How does one undermine something that is essentially not happening? How can liberals argue with a straight face that ending policies that have consistently failed to bring us out of recession would somehow risk recession?

Stimulus must fail because it simply represents a transfer of money from the private sector to the government that redistributes it inefficiently to the private sector, like the water that remains in a sponge after you squeeze it out. It is also a transfer from the future to the present — leaving just the economic hangover of higher tax bills without even the buzz of a nice glass of single malt. It’s a sort of reverse inheritance, transferring money from our children’s futures to us — or rather to the politically connected among us. It is not the magical creation of free money.

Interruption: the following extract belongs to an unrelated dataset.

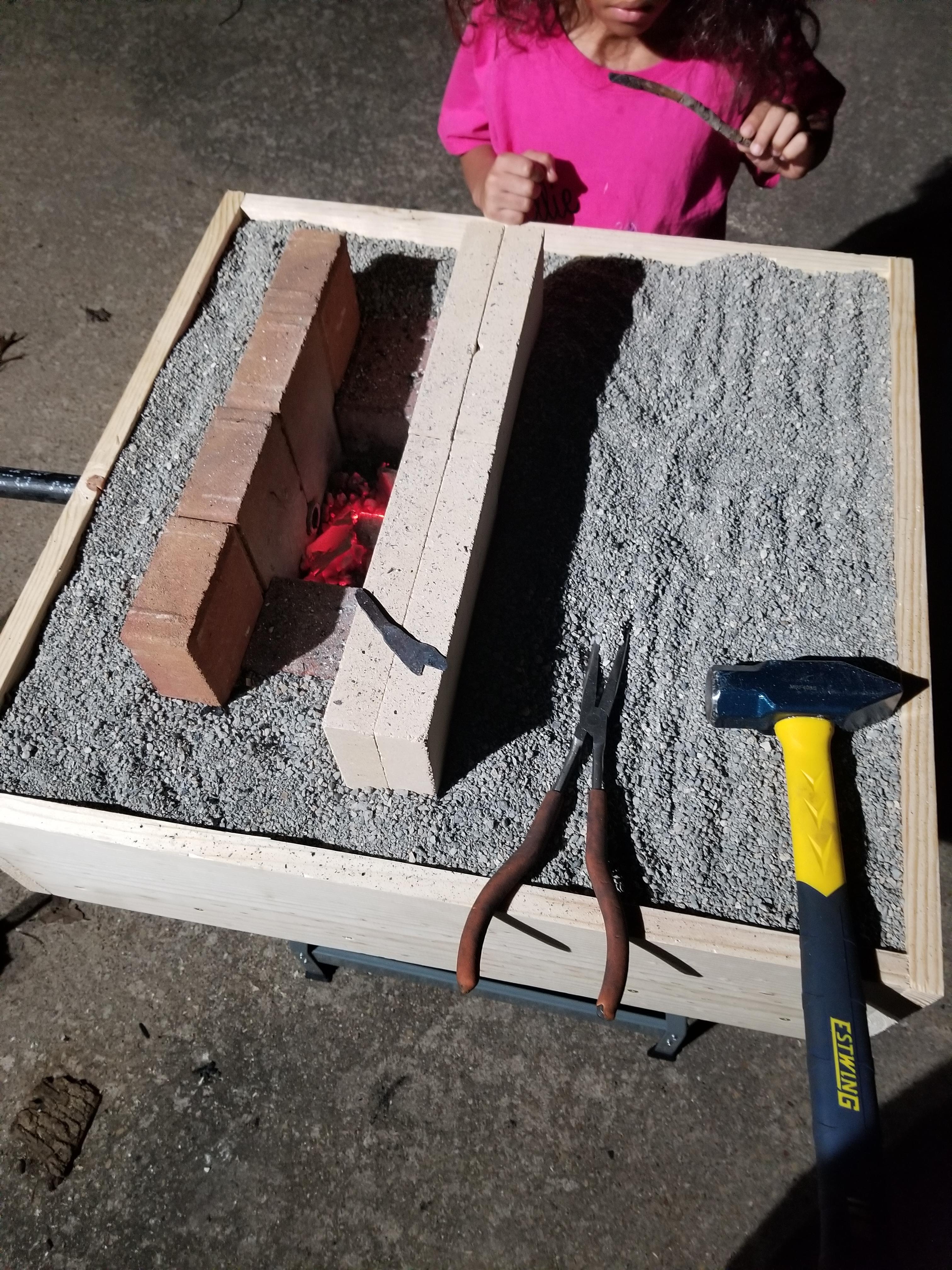 CtG Posted January 6, 2020 Author Posted January 6, 2020 I did get to play for a couple hours today! Built the fire up a bit above the side bricks, I need to go even higher I think. Getting fuel chunk size closer I think, it is definitely small to massive in the bag. I hot-cut the "fuller" off using a Harbor Freight cold-chisel (I doused it every 3rd blow or so to keep it from losing whatever excuse for temper HF gave it- it never dulled though!) Then I formed a bit of a chisel profile in the rebar and cut it off. I then heated and quenched both, still need to temper them. They skate a Nichols Chainsaw File as is! So, work goodies aside... One of my tuyere siding bricks has already cracked- they were both glowing while I was getting after it. A fire-brick facing is probably in order. As for the floor, it held up very well, but I do have some mild charring of the plywood. It seems to be around the gap between the bricks, so I will likely play around with either a double layer of firebrick, staggered, or maybe a dovetail of the redbrick, though I think it will be more crack prone at that point. I would like to avoid tweaking the tuyere height too much if I can avoid it, as my box is already cut for it. Though in all reality, I can always make a new side-board. Or even fishtail in an adjusted piece. I purchased 2 small Behrens metal "trashcans" to put the litter and some bricks in- worked a treat, fit all but 2 redbricks and the firebricks. That way, I have a nice convenient breakdown size without having to worry about my cats using the litter for its intended purpose. I'm pretty happy so far! IF&C, I was considering that method amongst my options- the sawing motion mounting has its appeal, to be certain. Did I mention I already had a couple neighbor kids come watch? Already drawing a crowd and I barely know what I'm doing! Quote

Entrepreneurs aren’t stupid. They realize that stimulus creates a larger future liability than current benefit, that every dollar they get now anticipates more than a dollar of taxes someday soon — and much more if they’re in an industry that the government of the moment decides to target. Short-term policies like Cash for Clunkers or a one-year reduction in payroll taxes fail for essentially the same reasons. As crazy as it must sound to liberals, businessmen actually think about the future.

Frustrating to those of us watching the Obama Administration’s feckless, naïve, real-world-experience-free economic policies is that common sense argues against almost all of them.

But even with no common sense, Democrats and their media allies are also determined to ignore experience that shows increasing government spending and implementing short-term “stimulus” in one form or another stimulate nothing but the growth of government.

Nevertheless, experience be damned, Democrats argue against “austere” budget cuts while the Administration considers another short-term payroll tax break.

Nurse: “Doctor, your patient is not responding to the medicine you prescribed.”
Doctor: “In that case, increase the dose!”
Nurse: “But Doctor, this dose already appears harmful.”
Doctor: “Nonsense, Nurse, mainline the stuff! I read about this in a book somewhere!”
Semi-conscious patient: (Groan)

Will Rogers is reputed to have said “if you find yourself in a deep hole, stop digging.” When it comes to economic policy, the Democrats still have their shovels out.